═══ GIVEN RECORDS

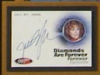
JILL ST. JOHN "Tiffany Case"
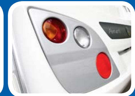
Rear lights Stylish rear light clusters
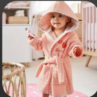
2-Layer Terry Bathrobe
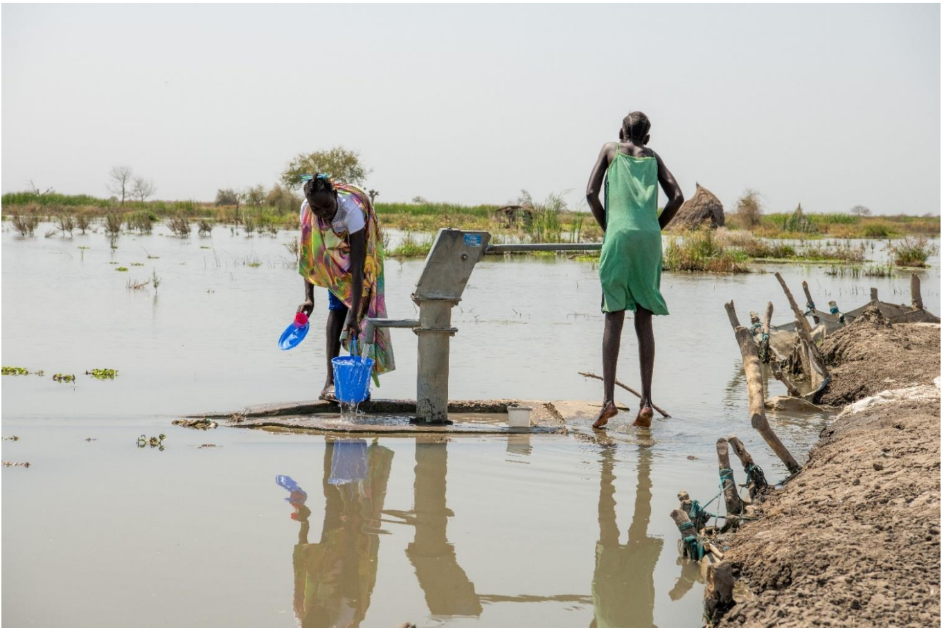
Children pump clean drinking water from a partially submerged borehole in Old Fangak, South Sudan. While the wetland region has always been prone to heavy rains and flooding, residents say the patterns shifted sharply four years ago.
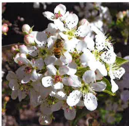
Pyrus pyraaster , Wild Pear (above and right), thought to be an ancestor of the cultivated European pear, bears hard, astringent fruit which are edible when fully ripe.
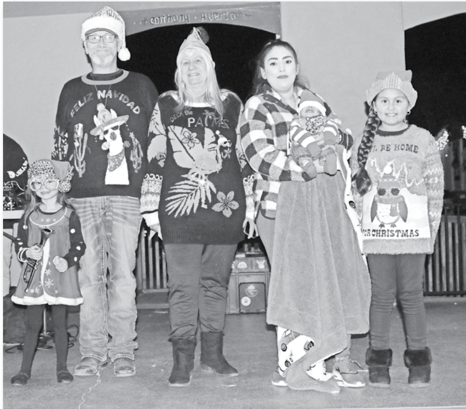
Ugly Sweater contest winners.
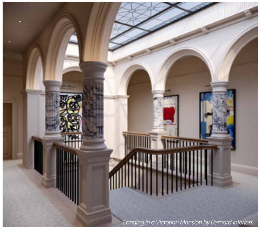
Landing in a Victorian Mansion by Bernard Interiors
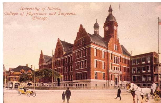
Fig 3. Old College of Physicians and Surgeons was first home for University of Illinois orthodontic department.
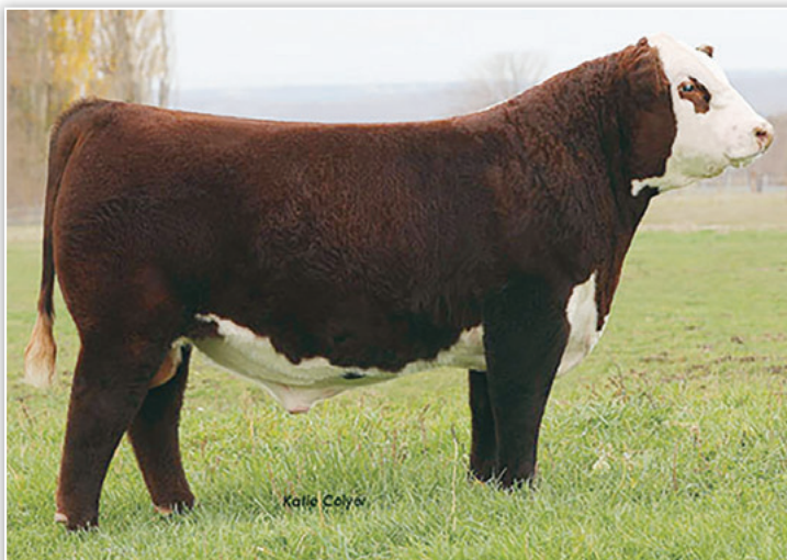
C GKB GUARDIAN 1015 ET Sire of Lots 27-31
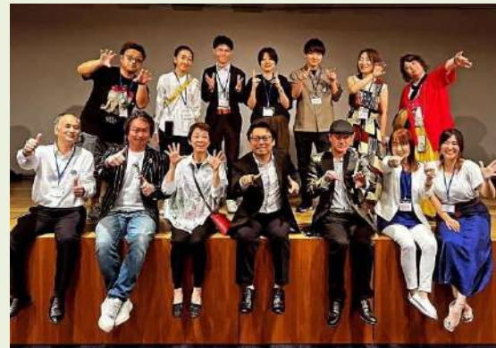
“Inside the Warmth” @ Hiroshima Screening
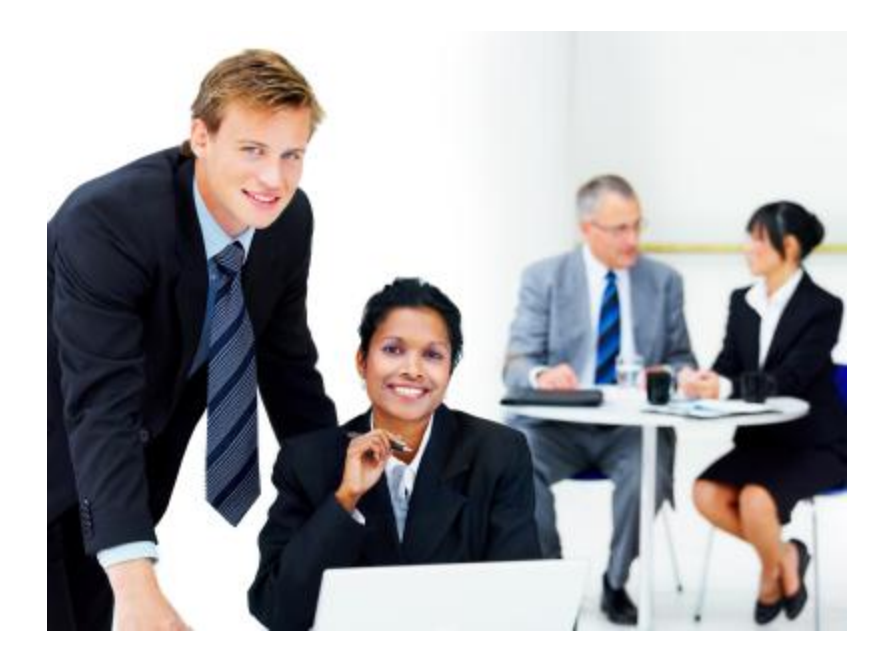
Figure 10 - do you prefer a structured enviornment?

A mixture of the two is probably healthy for any organisation and is the way I have worked in my previous roles."
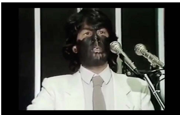
Figure 3. Scene 6: Calling. Krenak in the 1980s, his face painted black to personify mourning for indigenous peoples in front of parliament. Still frame from video recording used in Silence of the World.

Today we are the target of aggressions that, in essence, want to hurt our faith and our trust. Dignity still exists; it is still possible to build a society that knows how to respect the weakest ones, that knows how to respect those who have no money, but even so, there is an incessant defamation campaign going on. A people that has always lived without any wealth, that lives in houses covered with straw, and sleeps on mats on the ground, could never be by any means against Brazil’s
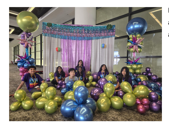
Image Description: A team of students sitting among multicolored balloons in front of a blue, pink and white backdrop.

The Alumni Council is hosting a booth in the 2300 Lobby. This area is referred to as the Not-so-secret Chill Out Space and will include hands-on activities such as yard games, coloring, and creating friendship bracelets and photo ops.
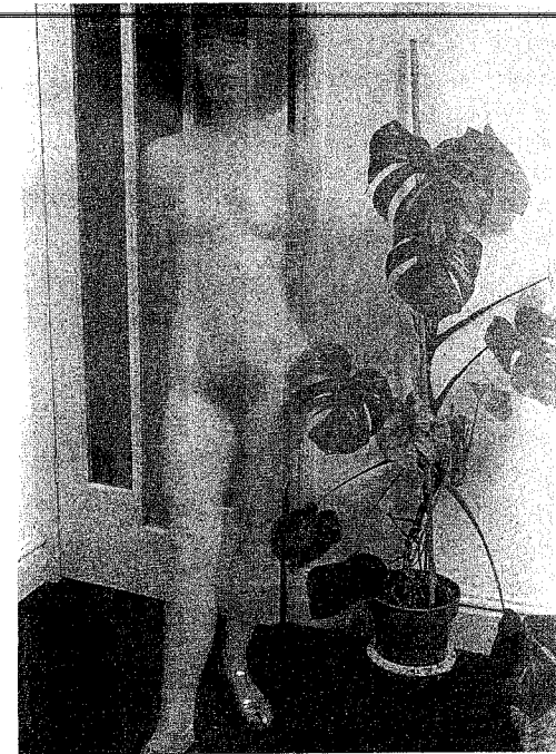
Woman's Identity 3
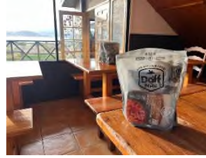
<< Self heating exploding lunch pack !
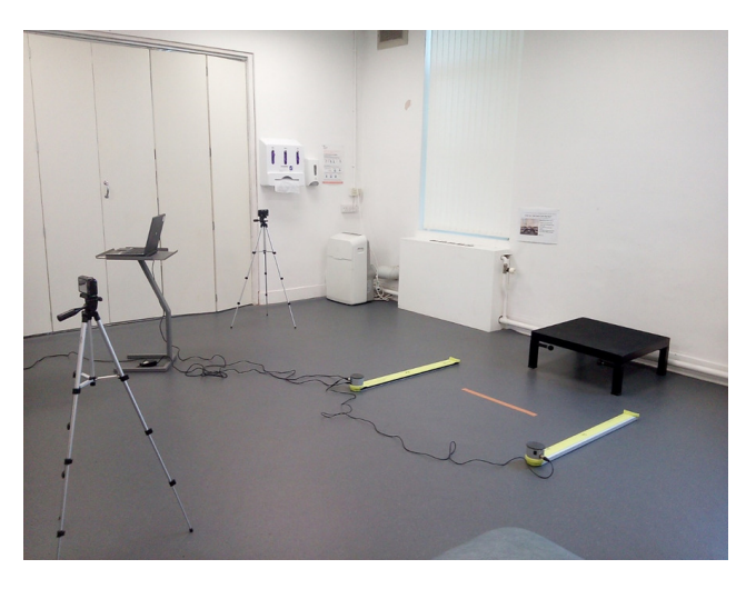
Figure 2. Equipment set-up
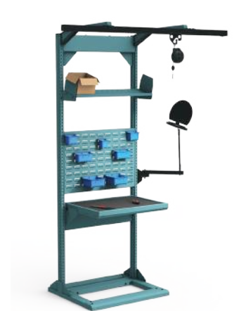
30" x 27" x 84" EMA4050 36" x 27" x 84" EMA4350

For more information, contact our representative:
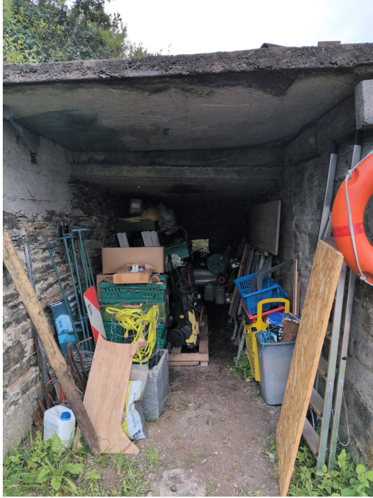
Plate 5. Interior of building 4 in 2025
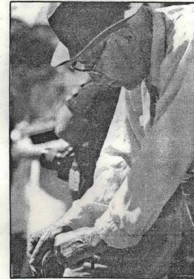
A man bows his head during the services.
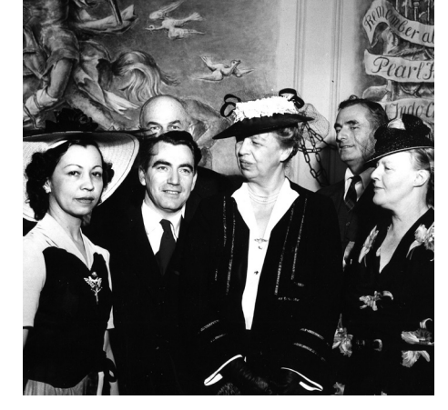
Eleanor Roosevelt at Freedom House
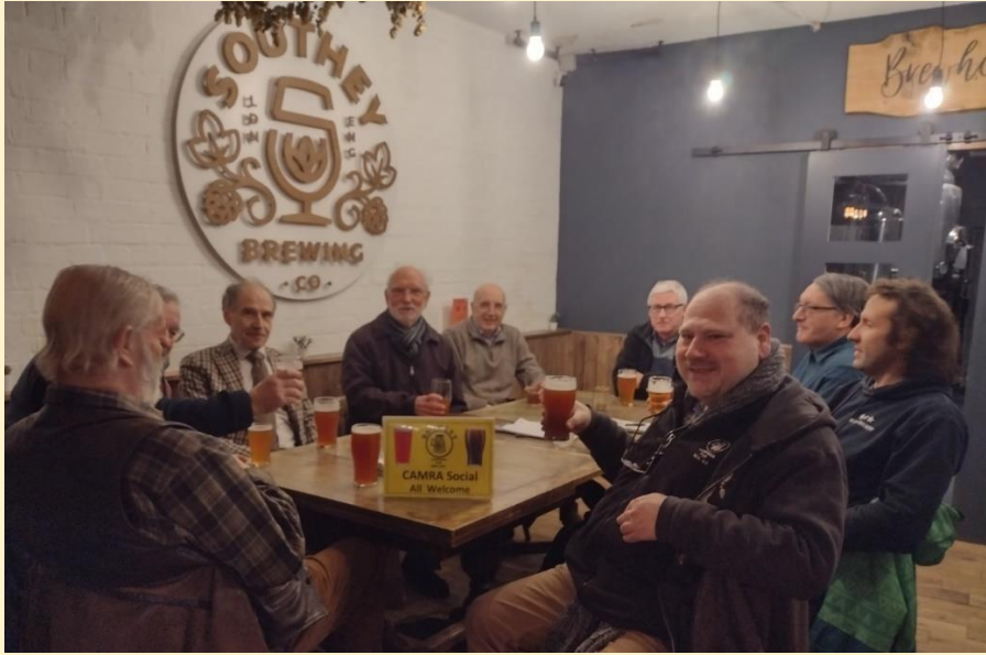
15 January – Brewery Tap, Southey
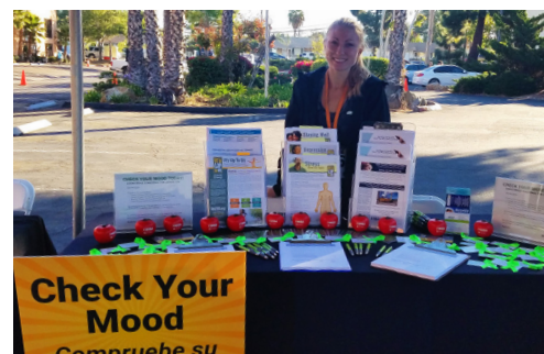
Check Your Mood
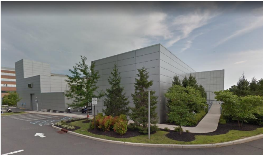
Penn Medicine Princeton Medical Center in Plainsboro, NJ
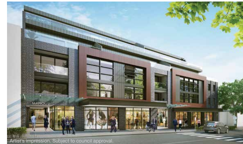
Artist's impression. Subject to council approval.

Established in 1971, Nettleton Tribe, based locally in Crows Nest, is a leading architectural practice servicing Australia and abroad. Their innovative design philosophy from concept to detail have made a positive impact on the way in which people reside and work. Over the past 40 years their leadership in the industry has seen their projects win numerous awards from leading associations including the National Trust, AIA, PCA, UDIA and Urban Taskforce of Australia.
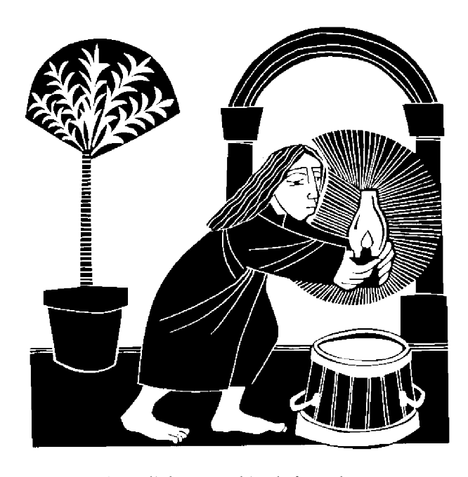
Your light must shine before others. Matthew 5:16
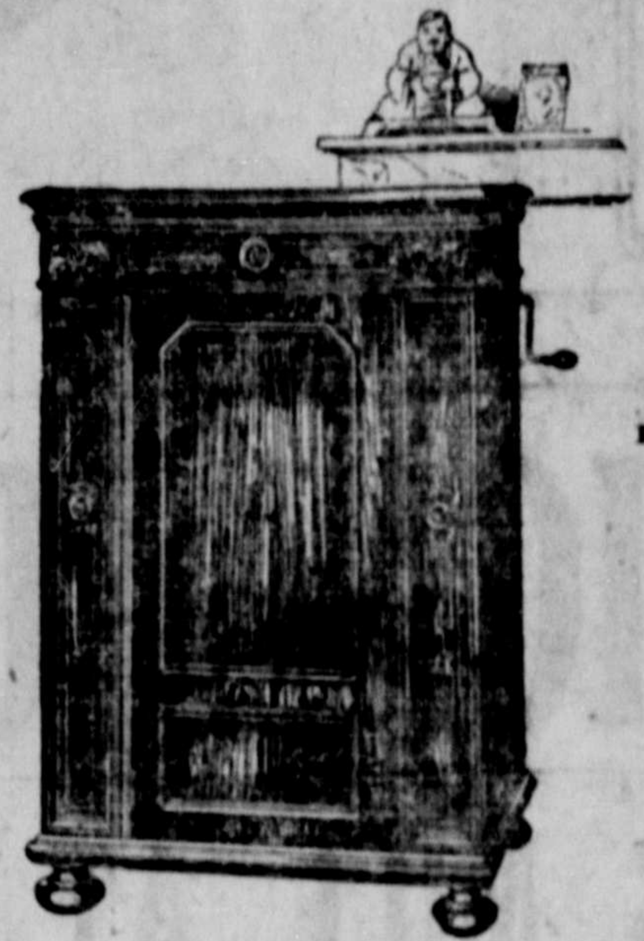
CREDENZA MODEL PRICE $385.00
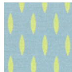
005 Yellow and Dark Gray

══════

*INSTRUCTIONS TO FOLLOW*:
Only the lines of the listing above from the one with "Penn Medicine Princeton" through the one with "Artist's impression. Subject" should be output, exactly, with both ends kept and pictures left out.

*SOLUTION BELOW*:
Penn Medicine Princeton Medical Center in Plainsboro, NJ
Artist's impression. Subject to council approval.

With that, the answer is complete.